------ DATA IN THIS EXERCISE ------

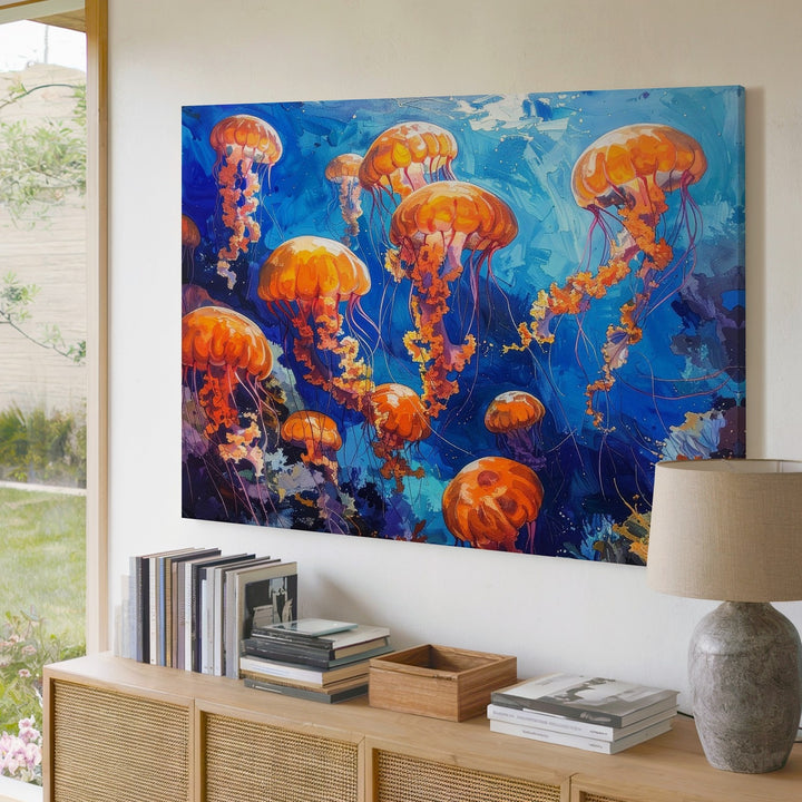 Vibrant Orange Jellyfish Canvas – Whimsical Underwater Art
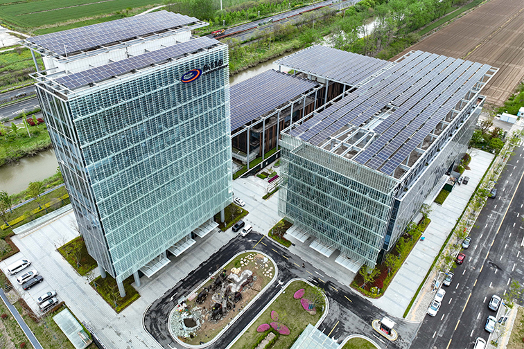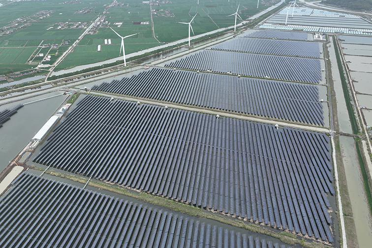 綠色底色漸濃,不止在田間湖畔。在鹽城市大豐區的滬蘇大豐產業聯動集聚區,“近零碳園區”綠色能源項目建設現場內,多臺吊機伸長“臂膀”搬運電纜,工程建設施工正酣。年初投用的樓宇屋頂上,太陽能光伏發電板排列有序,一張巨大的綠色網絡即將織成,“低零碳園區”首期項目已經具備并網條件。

------
------ DATA IN THIS EXERCISE ------

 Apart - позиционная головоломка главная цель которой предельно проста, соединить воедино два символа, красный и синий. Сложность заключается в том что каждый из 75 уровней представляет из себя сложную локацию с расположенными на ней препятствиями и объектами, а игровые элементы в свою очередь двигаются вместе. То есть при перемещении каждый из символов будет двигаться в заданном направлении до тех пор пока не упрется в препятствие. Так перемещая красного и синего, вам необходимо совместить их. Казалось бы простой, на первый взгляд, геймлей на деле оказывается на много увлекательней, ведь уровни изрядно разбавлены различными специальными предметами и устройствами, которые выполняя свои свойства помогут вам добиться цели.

------

WORK REQUEST –
In the listing above, find the line containing "Vibrant Orange Jellyfish" and the line containing "綠色底色漸濃,不止在田間湖畔", then return both of them and every line between, exactly, without pictures.

YOUR SOLUTION –
 Vibrant Orange Jellyfish Canvas – Whimsical Underwater Art
 綠色底色漸濃,不止在田間湖畔。在鹽城市大豐區的滬蘇大豐產業聯動集聚區,“近零碳園區”綠色能源項目建設現場內,多臺吊機伸長“臂膀”搬運電纜,工程建設施工正酣。年初投用的樓宇屋頂上,太陽能光伏發電板排列有序,一張巨大的綠色網絡即將織成,“低零碳園區”首期項目已經具備并網條件。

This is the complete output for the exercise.